[SROA] enable splitting for non-whole-alloca loads and stores

Currently, SROA splits loads and stores only when they are accessing the whole alloca. This patch relaxes this limitation to allow splitting a load/store if all other loads and stores to the alloca are disjoint to or fully included in the current load/store. If there is no other load or store that crosses the boundary of the current load/store, the current splitting implementation works as is. The whole-alloca loads and stores meet this new condition and so they are still splittable. Here is a simplified motivating example. struct record { long long a; int b; int c; }; int func(struct record r) { for (int i = 0; i < r.c; i++) r.b++; return r.b; } When updating r.b (or r.c as well), LLVM generates redundant instructions on some platforms (such as x86_64, ppc64); here, r.b and r.c are packed into one 64-bit GPR when the struct is passed as a method argument. With this patch, the above example is compiled into only few instructions without loop. Without the patch, unnecessary loop-carried dependency is introduced by SROA and the loop cannot be eliminated by the later optimizers. Differential Revision: https://reviews.llvm.org/D32998 llvm-svn: 319407
author: Hiroshi Inoue <inouehrs@jp.ibm.com> 2017-11-30 07:44:46 +0000
committer: Hiroshi Inoue <inouehrs@jp.ibm.com> 2017-11-30 07:44:46 +0000
commit: 422e80aee2baf32d981e96406dfedc6708282e61 (patch)
tree: b45c23cacf072004c4b7d3bd3f7ecf8342e05c5e /llvm/lib/Transforms
parent: a495744d2c3b2726aa4d7de37f863cb6007a6a78 (diff)
download: bcm5719-llvm-422e80aee2baf32d981e96406dfedc6708282e61.tar.gz
bcm5719-llvm-422e80aee2baf32d981e96406dfedc6708282e61.zip
1 files changed, 21 insertions, 10 deletions
diff --git a/llvm/lib/Transforms/Scalar/SROA.cpp b/llvm/lib/Transforms/Scalar/SROA.cpp
index bd064978b64..d0431d48a43 100644
--- a/llvm/lib/Transforms/Scalar/SROA.cpp
+++ b/llvm/lib/Transforms/Scalar/SROA.cpp
@@ -30,6 +30,7 @@
 #include "llvm/ADT/PointerIntPair.h"
 #include "llvm/ADT/STLExtras.h"
 #include "llvm/ADT/SetVector.h"
+#include "llvm/ADT/SmallBitVector.h"
 #include "llvm/ADT/SmallPtrSet.h"
 #include "llvm/ADT/SmallVector.h"
 #include "llvm/ADT/Statistic.h"
@@ -4047,21 +4048,31 @@ bool SROA::splitAlloca(AllocaInst &AI, AllocaSlices &AS) {
   // First try to pre-split loads and stores.

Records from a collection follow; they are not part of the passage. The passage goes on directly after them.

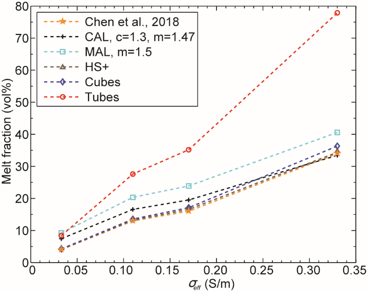 (1)拉萨地体10-28 km深度范围等效电导率达到0.3 S/m(图3),根据岩石物理实验结果,这一电导率值对应高达35 vol%的局部熔融(图4);而特提斯喜马拉雅造山带等效电导率< 0.2 S/m,对应不超过15 vol%的熔体含量。沿~ 91°E 和~ 92°E,高熔体百分比区域穿过雅江缝合带且向南延伸~ 75km。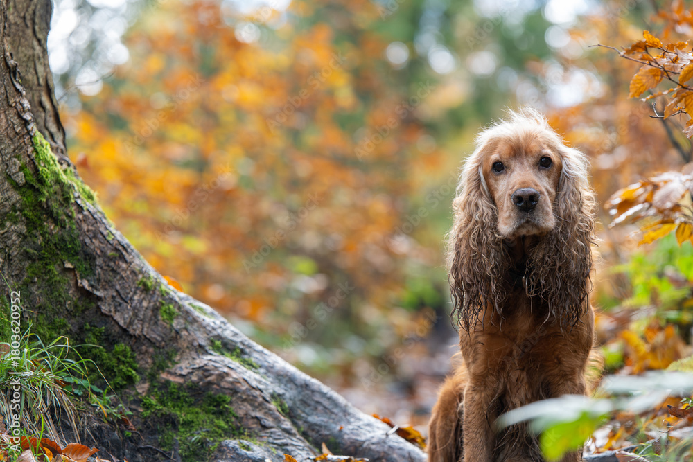 Do Przedszkola - Portret cockera spaniela w jesiennym lesie #1803620952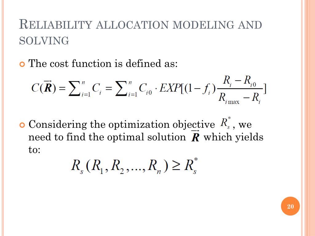 Reliability allocation modeling and solving • The cost function is defined as: • Considering the optimization objective , we need to find the optimal solution which yields to: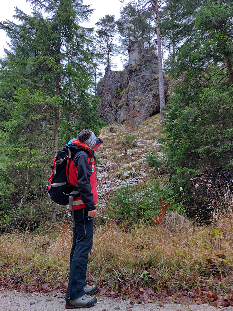 Spevnená šotolinová cesta vedie zhruba šesť kilometrov od ústia po smerovník „Spoj Rakytovských dolín“, takže pod nohy netreba veľmi pozerať. Dolinou sa plazí v pohodovom, miernom sklone aj zelená značka a cyklotrasa. Zelená pokračuje ďalej cez Smrekov na Kráľovu studňu, cyklotrasa pri smerovníku končí. To ale nie sú jediné možnosti. Od smerovníka sa dá ešte „vybehnúť“ po žltej značke pod Drienok, podobná žltá vedie z nižšieho bodu doliny do opačného svahu (ale rovnako strmého) pod Ostrú. Na mapách sú tie žlté také krátke spojky, v realite poriadne výživné strminy. Ale najmä tú nižšiu odbočku sa oplatí pozrieť, aspoň po skalný prah v jej prvej tretine, lebo cestou k nemu sú v lese, aj priamo popri chodníku, porozhadzované parádne skaly až bralá. A tam dole nie je sklon veľký (to ani na druhej žltej odbočke).

   Changed |= presplitLoadsAndStores(AI, AS);
 
-  // Now that we have identified any pre-splitting opportunities, mark any
-  // splittable (non-whole-alloca) loads and stores as unsplittable. If we fail
-  // to split these during pre-splitting, we want to force them to be
-  // rewritten into a partition.
+  // Now that we have identified any pre-splitting opportunities,
+  // mark loads and stores unsplittable except for the following case.
+  // We leave a slice splittable if all other slices are disjoint or fully
+  // included in the slice, such as whole-alloca loads and stores.

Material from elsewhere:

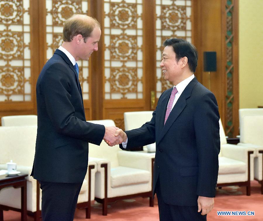 Chinese Vice President Li Yuanchao (R) meets with Britain's Prince William at the Great Hall of the People in Beijing, capital of China, March 2, 2015. (Xinhua/Li Tao)

+  // If we fail to split these during pre-splitting, we want to force them
+  // to be rewritten into a partition.
   bool IsSorted = true;
+
+  // If a byte boundary is included in any load or store, a slice starting or
+  // ending at the boundary is not splittable.
+  unsigned AllocaSize = DL.getTypeAllocSize(AI.getAllocatedType());
+  SmallBitVector SplittableOffset(AllocaSize+1, true);
+  for (Slice &S : AS)
+    for (unsigned O = S.beginOffset() + 1; O < S.endOffset() && O < AllocaSize;
+         O++)
+      SplittableOffset.reset(O);
+
   for (Slice &S : AS) {
     if (!S.isSplittable())
       continue;
-    // FIXME: We currently leave whole-alloca splittable loads and stores. This
-    // used to be the only splittable loads and stores and we need to be
-    // confident that the above handling of splittable loads and stores is
-    // completely sufficient before we forcibly disable the remaining handling.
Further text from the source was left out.